> _Instructions for the task_: Word for word, print each line of the listing below; pictures stay out.

> _Input material_:
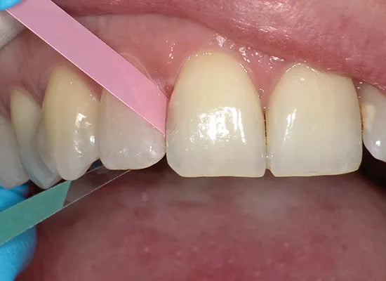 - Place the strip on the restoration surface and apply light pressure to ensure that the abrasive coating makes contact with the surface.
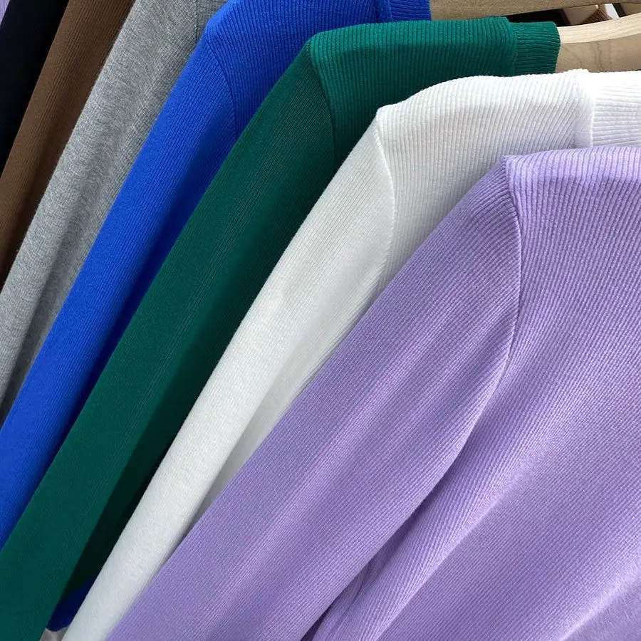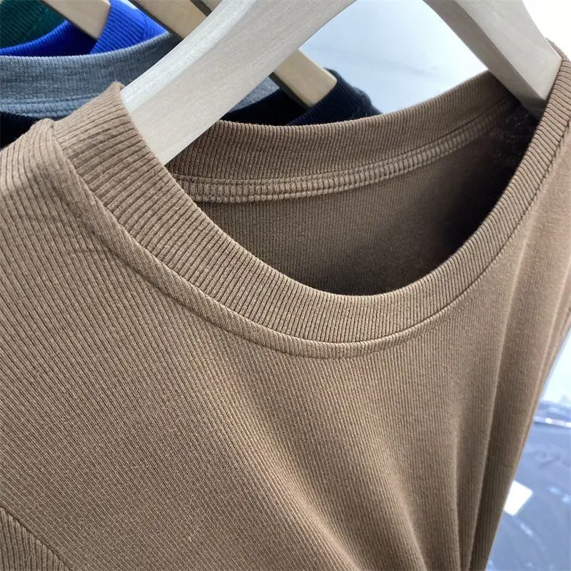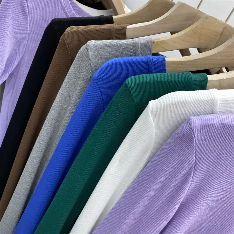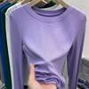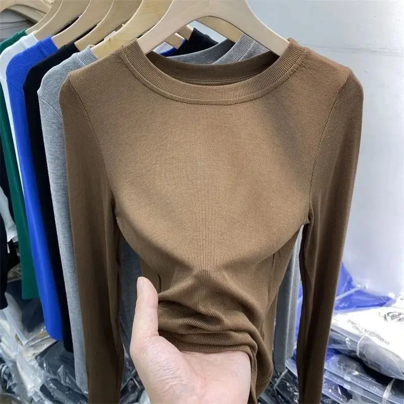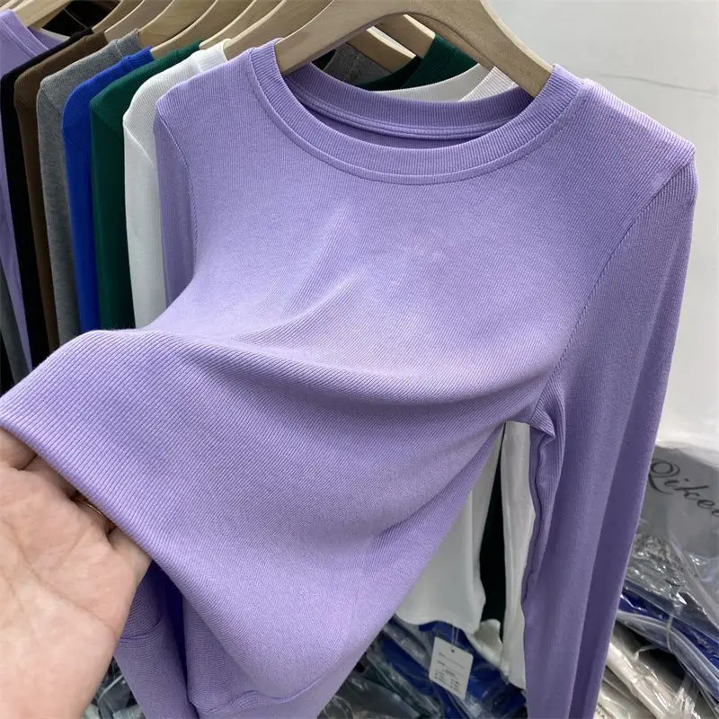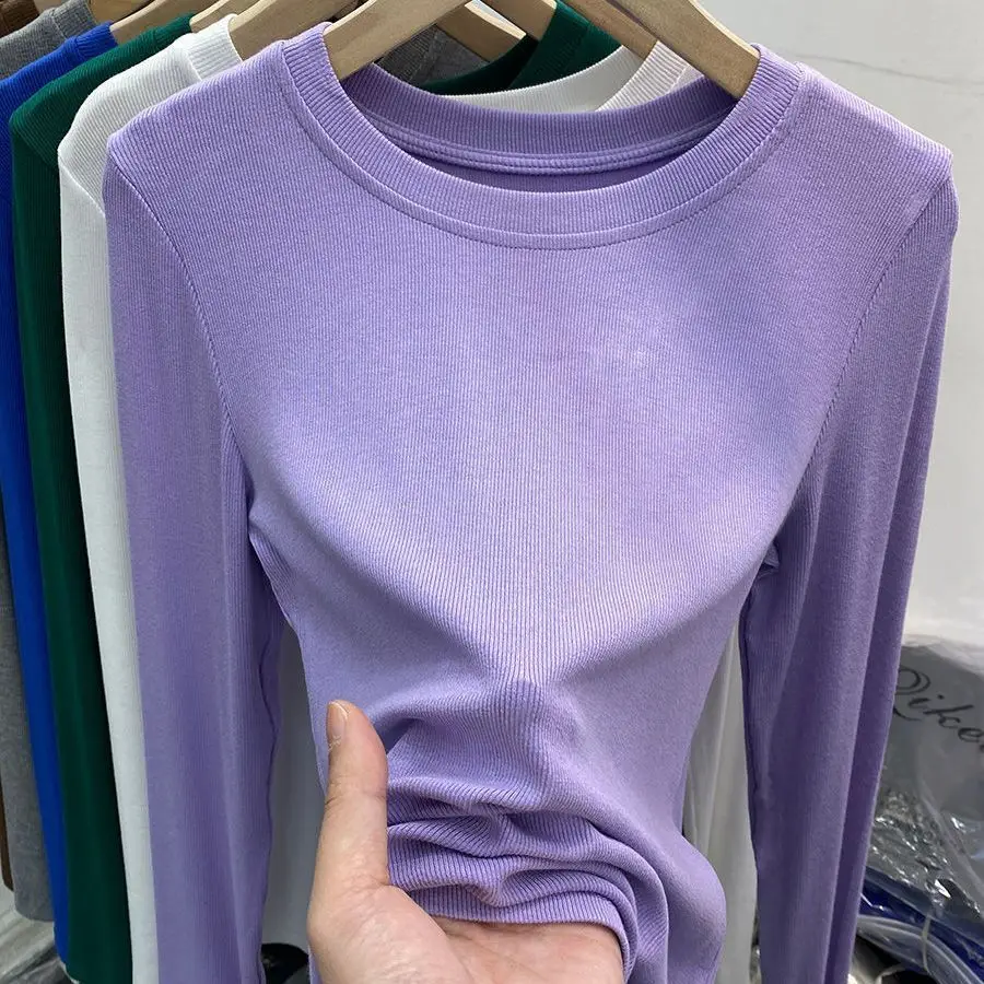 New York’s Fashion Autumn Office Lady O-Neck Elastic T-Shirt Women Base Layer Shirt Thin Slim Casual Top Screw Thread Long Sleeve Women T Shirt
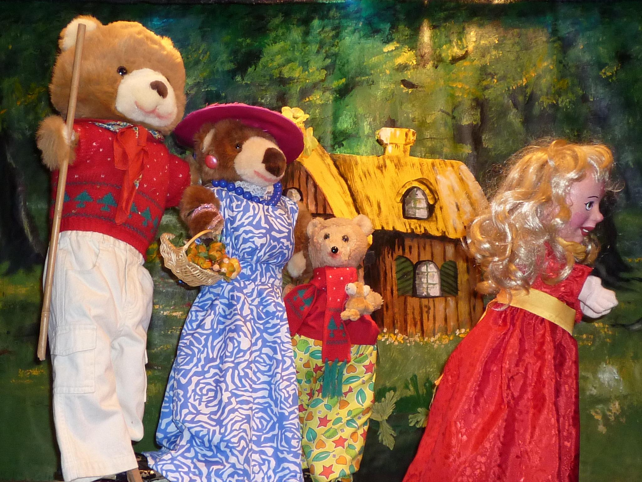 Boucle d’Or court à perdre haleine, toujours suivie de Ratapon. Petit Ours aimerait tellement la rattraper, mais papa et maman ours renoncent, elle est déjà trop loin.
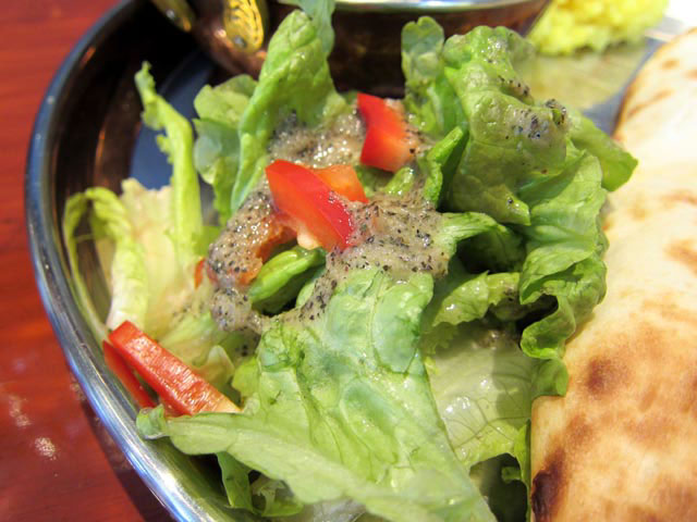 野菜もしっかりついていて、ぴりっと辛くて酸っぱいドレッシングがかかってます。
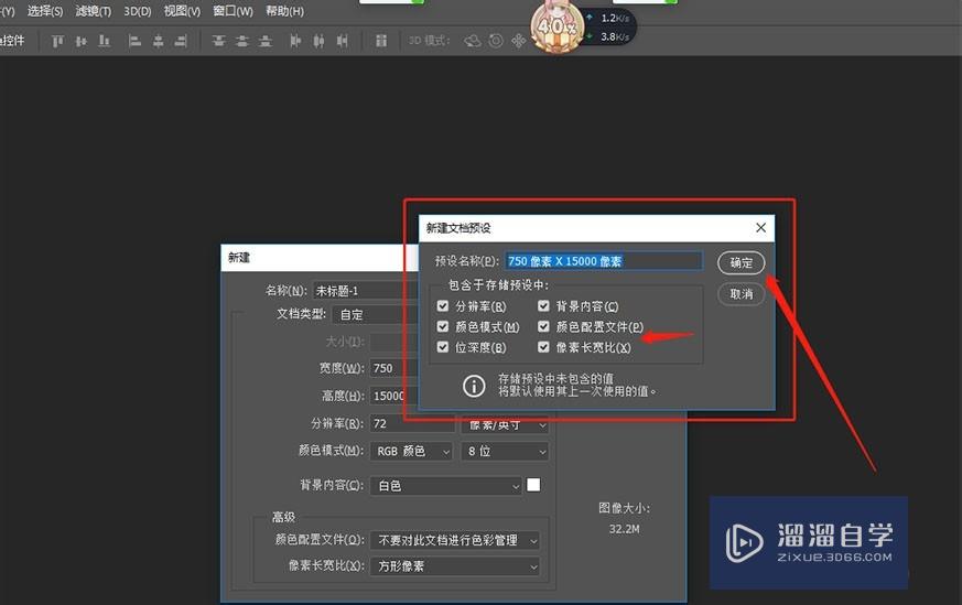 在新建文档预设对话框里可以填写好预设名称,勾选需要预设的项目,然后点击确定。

> _Answer to this exercise_:
 - Place the strip on the restoration surface and apply light pressure to ensure that the abrasive coating makes contact with the surface.
 New York’s Fashion Autumn Office Lady O-Neck Elastic T-Shirt Women Base Layer Shirt Thin Slim Casual Top Screw Thread Long Sleeve Women T Shirt
 Boucle d’Or court à perdre haleine, toujours suivie de Ratapon. Petit Ours aimerait tellement la rattraper, mais papa et maman ours renoncent, elle est déjà trop loin.
 野菜もしっかりついていて、ぴりっと辛くて酸っぱいドレッシングがかかってます。
 在新建文档预设对话框里可以填写好预设名称,勾选需要预设的项目,然后点击确定。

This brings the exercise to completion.